__Data for processing__:
=== Begin Enclosure ===

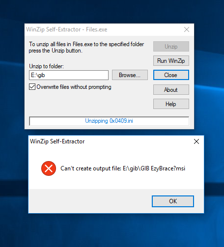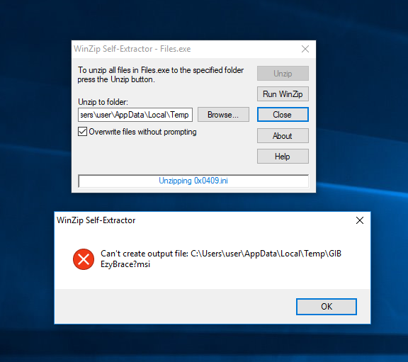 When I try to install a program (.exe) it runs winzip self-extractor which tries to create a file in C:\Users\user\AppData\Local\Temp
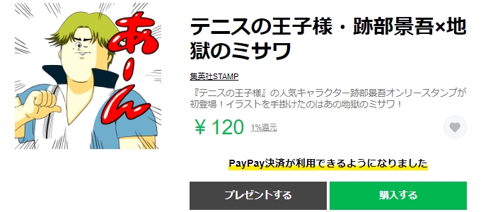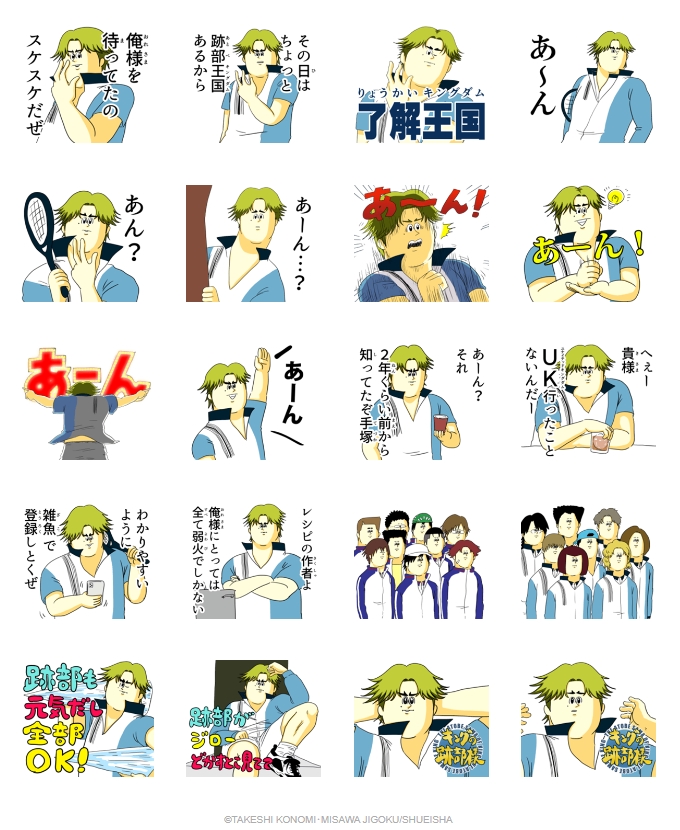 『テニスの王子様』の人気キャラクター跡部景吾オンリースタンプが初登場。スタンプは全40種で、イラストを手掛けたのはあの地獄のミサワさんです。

=== End Enclosure ===
=== Begin Enclosure ===

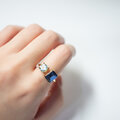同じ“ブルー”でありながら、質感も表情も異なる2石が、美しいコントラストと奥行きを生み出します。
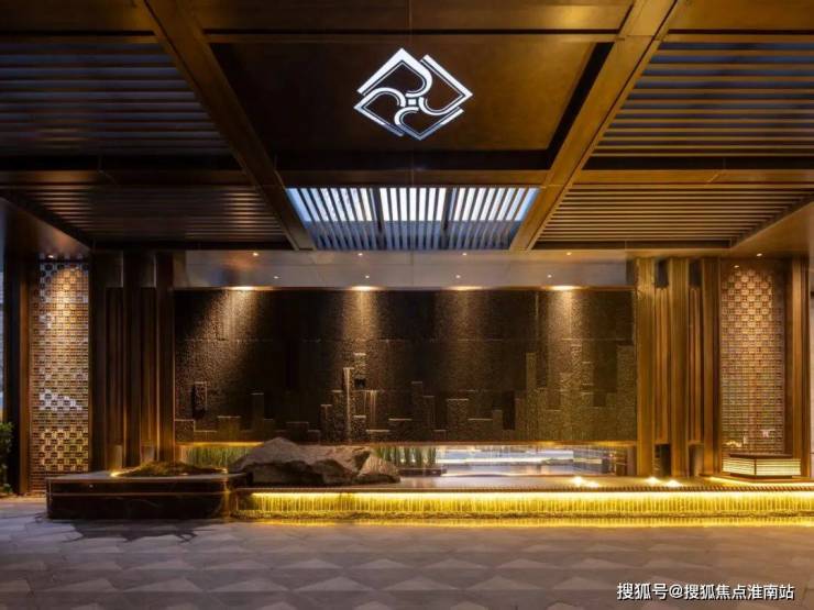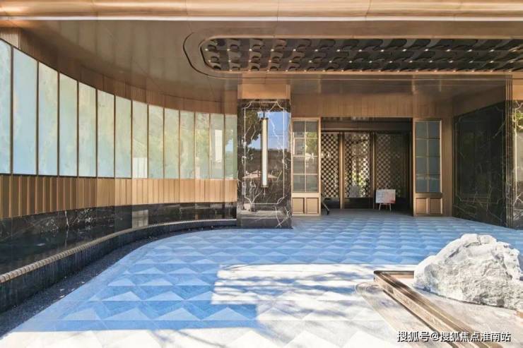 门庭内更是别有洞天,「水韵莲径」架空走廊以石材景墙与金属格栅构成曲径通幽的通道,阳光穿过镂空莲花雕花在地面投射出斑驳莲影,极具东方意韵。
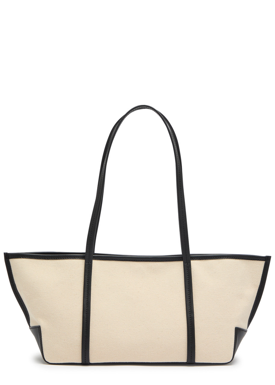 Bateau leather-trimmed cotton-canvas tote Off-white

=== End Enclosure ===

__Description of the task__: Given the listing above, repeat exactly the lines starting at the one with "门庭内更是别有洞天,「水韵莲" and ending at the one with "Bateau leather-trimmed cotton-canvas", inclusive, excluding pictures.

__Answer box__:
 门庭内更是别有洞天,「水韵莲径」架空走廊以石材景墙与金属格栅构成曲径通幽的通道,阳光穿过镂空莲花雕花在地面投射出斑驳莲影,极具东方意韵。
 Bateau leather-trimmed cotton-canvas tote Off-white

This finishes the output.